Assignment: The entries that follow should come back exactly, with no pictures among them.

[Recorded data]
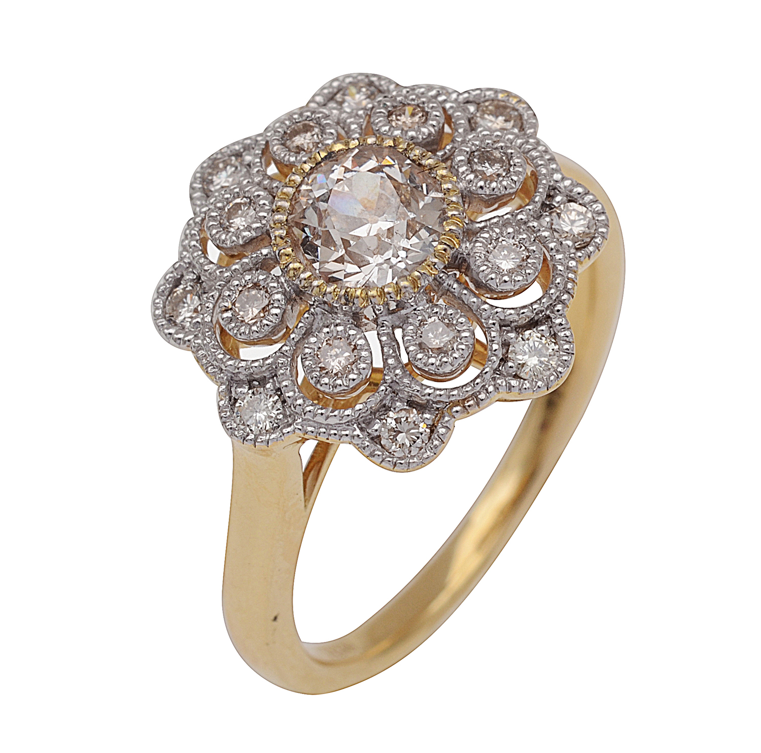 The finely pierced frame featuring an old European cut diamond of 0.65cts surrounded by further diamond detail, all grain set, mounted in 18ct two tone gold, ring size N.
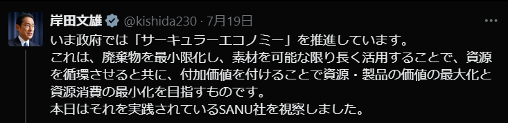 サーキュラーエコノミーの先進な取組として「SANU」を視察しました。設計段階からの徹底した廃棄物の削減、シェアリングエコノミーを通じた施設の稼働率向上などの事業モデルはその理念を体現するものです。循環経済実現に向けた関係閣僚会議を新設し、国家戦略として、政府横断的に取組を加速させます。
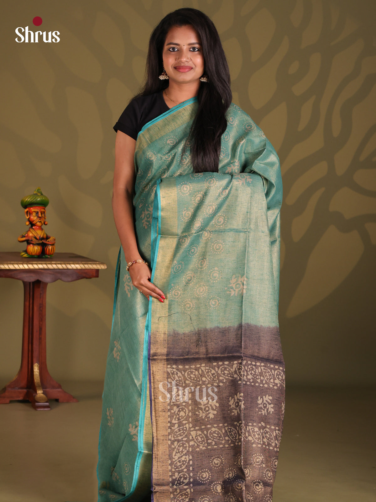 Beautiful Sky Blue Batik Saree showcases a captivating floral batik print across the body, gracefully paired with a vibrant zari border. The striking Purple pallu adds a bold touch of sophistication, while the matching contrast blouse with a zari border completes the ensemble with timeless charm.
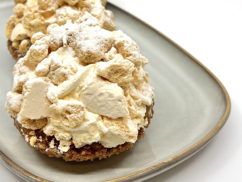 Een schelpje gevuld met kersen, slagroom en meringue schuim.
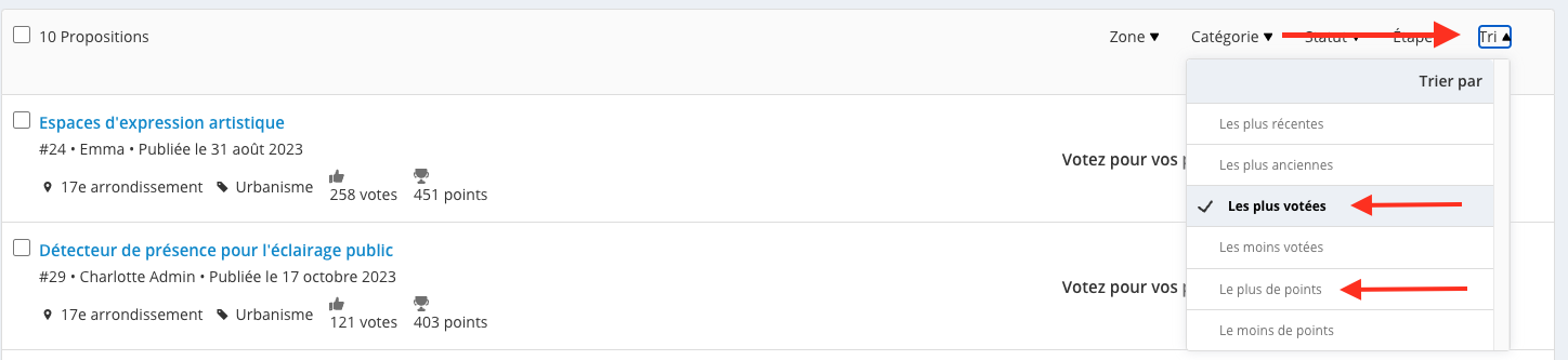 Seules les propositions soumises au vote sont affichées dans ce filtre. Sur chaque ligne de proposition, vous pouvez voir le nombre de votes ainsi que le nombre de points si vous avez activé le classement par points.
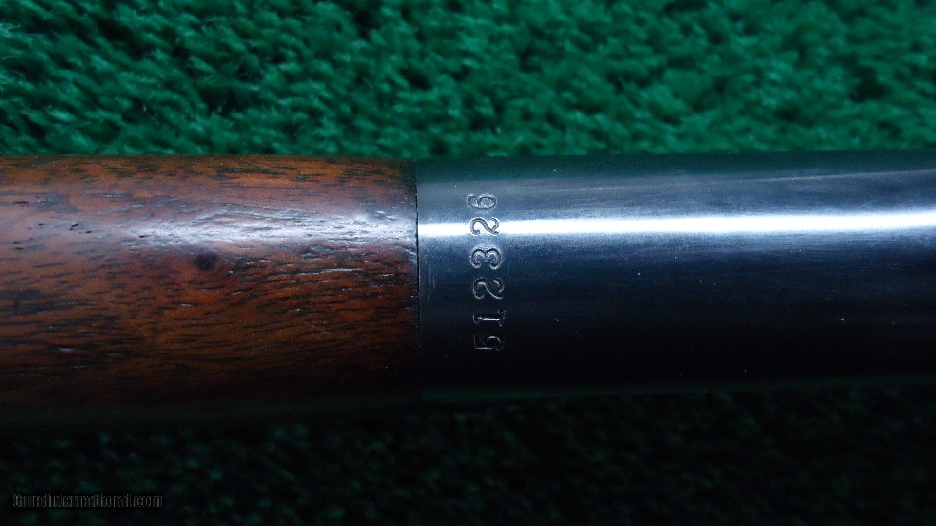 20 inch barrel shows 95% original blue. Excellent bore is bright and shiny with strong rifling. Upgraded sights include an Ivory bead pinned blade front, a Lyman two leaf folding rear and a Lyman combination tang sight. Receiver is marked MOD./1892 on upper tang behind the hammer and shows 85% blue with light wear and handling marks having only a faint ghost ring from saddle ring wear. Lever and hammer show a good deal of the color case hardened finish. Walnut stocks are solid and full fitting with only minimal wear and light handling marks. It’s hard to find carbines in this high condition. Manufactured in 1909.
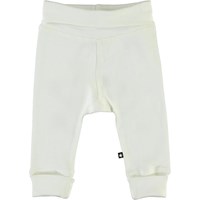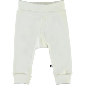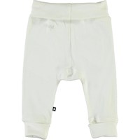 Son är ett par vita babybyxor med smala ränder. Byxorna har en vikt kant i midjan och vid benen.
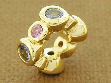 This Beautifully designed and QUALITY BEAD has been crafted from 9ct SOLID YELLOW GOLD - NOT PLATED ! ! This bead has been set with NATURAL Tanzanites that are spaced by NATURAL Pink Sapphires in between. It is sure to add a beautiful dash of NATURAL Colour to your bracelet ! ! This bead will easily slide onto your bracelet or Necklace.
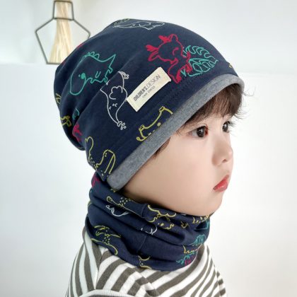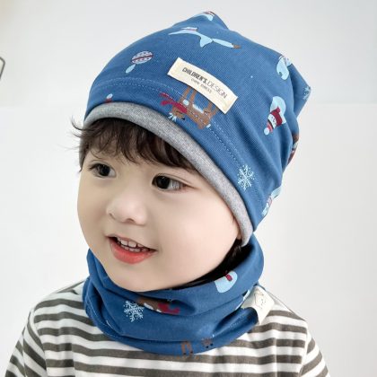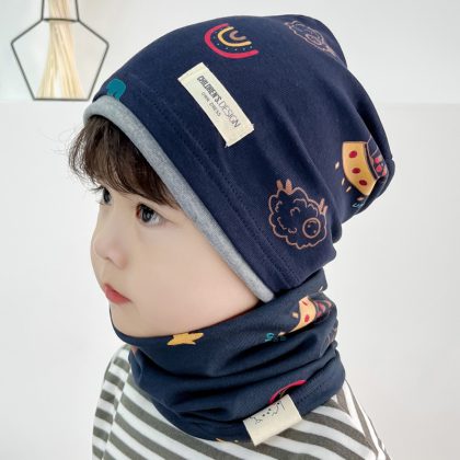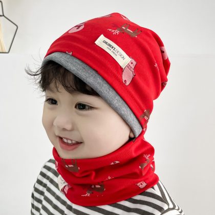 Autumn and Winter new children's contrast color pile hat baby windproof scarf 2-piece set Boys and Girls cute knitted pullover hat
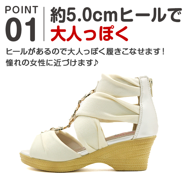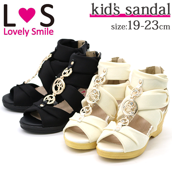 サンダル キッズ 子供 ジュニア 靴 女の子 黒 ブラック 白 ホワイト アイボリー かわいい おしゃれ キラキラ 大人っぽい ヒール 美脚 ファスナー 脱ぎ履き簡単 小学生 中学生 ラブリースマイル Lovely Smile LS8005
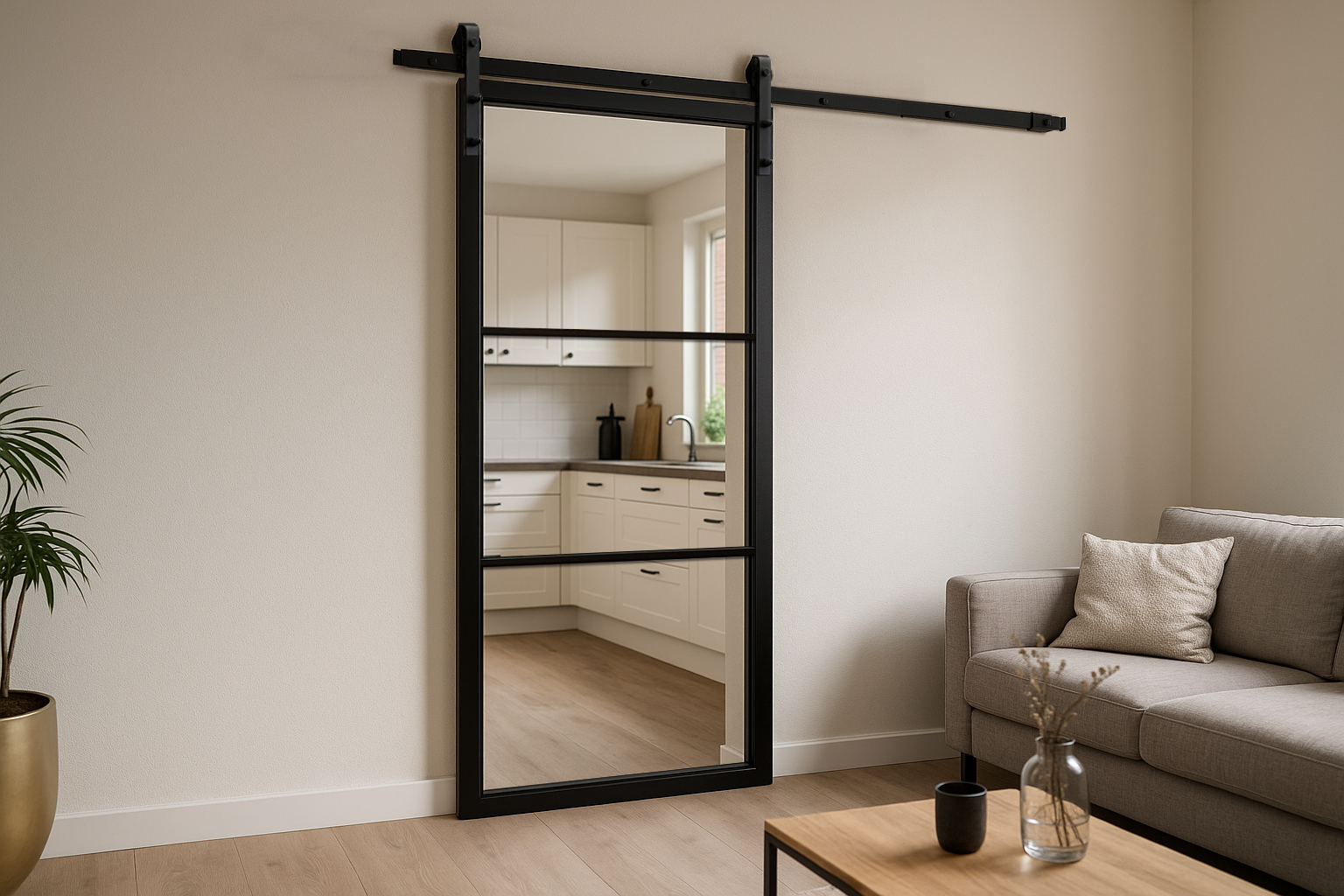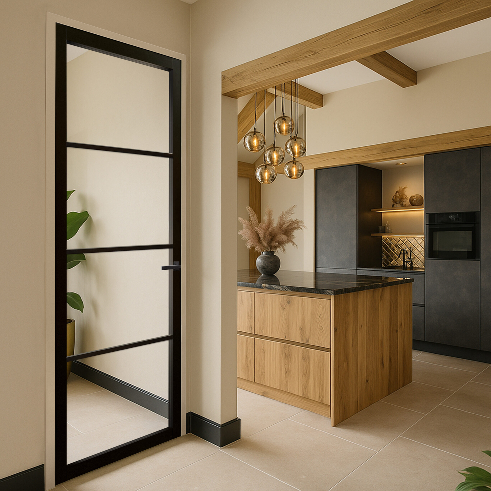 Deze staal-look binnendeur met helder glas is vergelijkbaar met modellen als de CanDo Scampton, Bradford, Carno, Retford en ook de Austria Nero Capri. Net als deze industriële deuren heeft ons model slanke stijlen en dorpels. Deze zwarte binnendeuren zijn te combineren met bijpassend zwart deurbeslag.
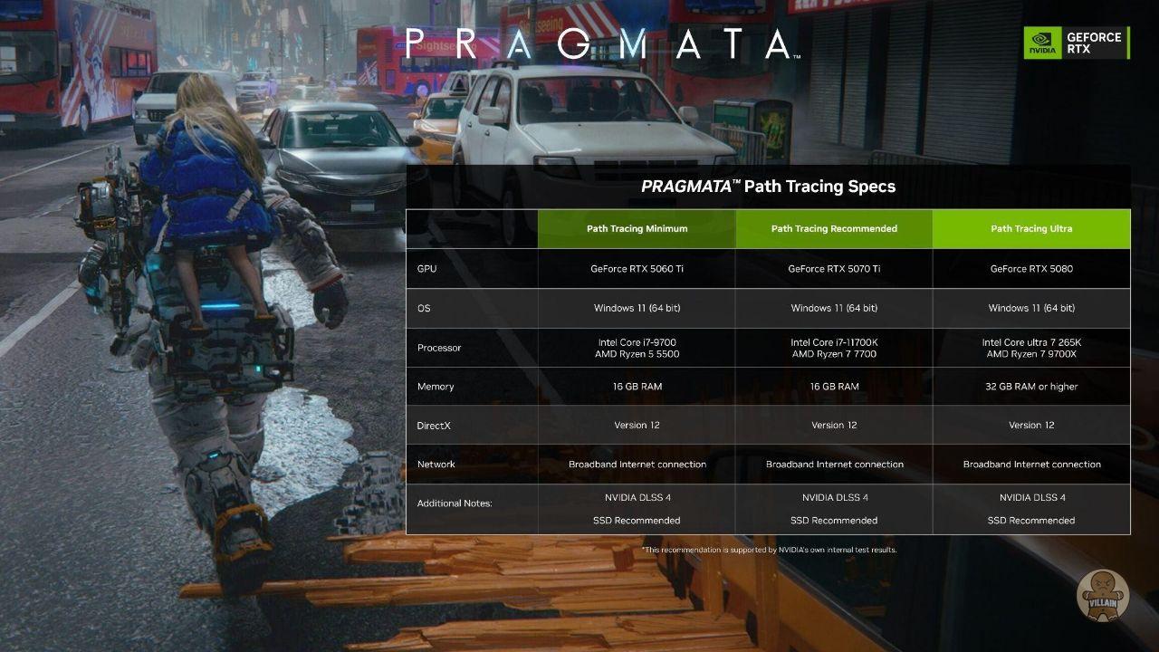 한편 엔비디아와 캡콤은 최소(Minimum), 권장(Recommended), 울트라(Ultra) 패스 트레이싱 사양과 요구사항을 공개하며 각 번들 GPU에서 구현할 수 있는 그래픽 품질 수준을 제시했다.

Your response:
 The finely pierced frame featuring an old European cut diamond of 0.65cts surrounded by further diamond detail, all grain set, mounted in 18ct two tone gold, ring size N.
 サーキュラーエコノミーの先進な取組として「SANU」を視察しました。設計段階からの徹底した廃棄物の削減、シェアリングエコノミーを通じた施設の稼働率向上などの事業モデルはその理念を体現するものです。循環経済実現に向けた関係閣僚会議を新設し、国家戦略として、政府横断的に取組を加速させます。
 Beautiful Sky Blue Batik Saree showcases a captivating floral batik print across the body, gracefully paired with a vibrant zari border. The striking Purple pallu adds a bold touch of sophistication, while the matching contrast blouse with a zari border completes the ensemble with timeless charm.
 Een schelpje gevuld met kersen, slagroom en meringue schuim.
 Seules les propositions soumises au vote sont affichées dans ce filtre. Sur chaque ligne de proposition, vous pouvez voir le nombre de votes ainsi que le nombre de points si vous avez activé le classement par points.
 20 inch barrel shows 95% original blue. Excellent bore is bright and shiny with strong rifling. Upgraded sights include an Ivory bead pinned blade front, a Lyman two leaf folding rear and a Lyman combination tang sight. Receiver is marked MOD./1892 on upper tang behind the hammer and shows 85% blue with light wear and handling marks having only a faint ghost ring from saddle ring wear. Lever and hammer show a good deal of the color case hardened finish. Walnut stocks are solid and full fitting with only minimal wear and light handling marks. It’s hard to find carbines in this high condition. Manufactured in 1909.
 Son är ett par vita babybyxor med smala ränder. Byxorna har en vikt kant i midjan och vid benen.
 This Beautifully designed and QUALITY BEAD has been crafted from 9ct SOLID YELLOW GOLD - NOT PLATED ! ! This bead has been set with NATURAL Tanzanites that are spaced by NATURAL Pink Sapphires in between. It is sure to add a beautiful dash of NATURAL Colour to your bracelet ! ! This bead will easily slide onto your bracelet or Necklace.
 Autumn and Winter new children's contrast color pile hat baby windproof scarf 2-piece set Boys and Girls cute knitted pullover hat
 サンダル キッズ 子供 ジュニア 靴 女の子 黒 ブラック 白 ホワイト アイボリー かわいい おしゃれ キラキラ 大人っぽい ヒール 美脚 ファスナー 脱ぎ履き簡単 小学生 中学生 ラブリースマイル Lovely Smile LS8005
 Deze staal-look binnendeur met helder glas is vergelijkbaar met modellen als de CanDo Scampton, Bradford, Carno, Retford en ook de Austria Nero Capri. Net als deze industriële deuren heeft ons model slanke stijlen en dorpels. Deze zwarte binnendeuren zijn te combineren met bijpassend zwart deurbeslag.
 한편 엔비디아와 캡콤은 최소(Minimum), 권장(Recommended), 울트라(Ultra) 패스 트레이싱 사양과 요구사항을 공개하며 각 번들 GPU에서 구현할 수 있는 그래픽 품질 수준을 제시했다.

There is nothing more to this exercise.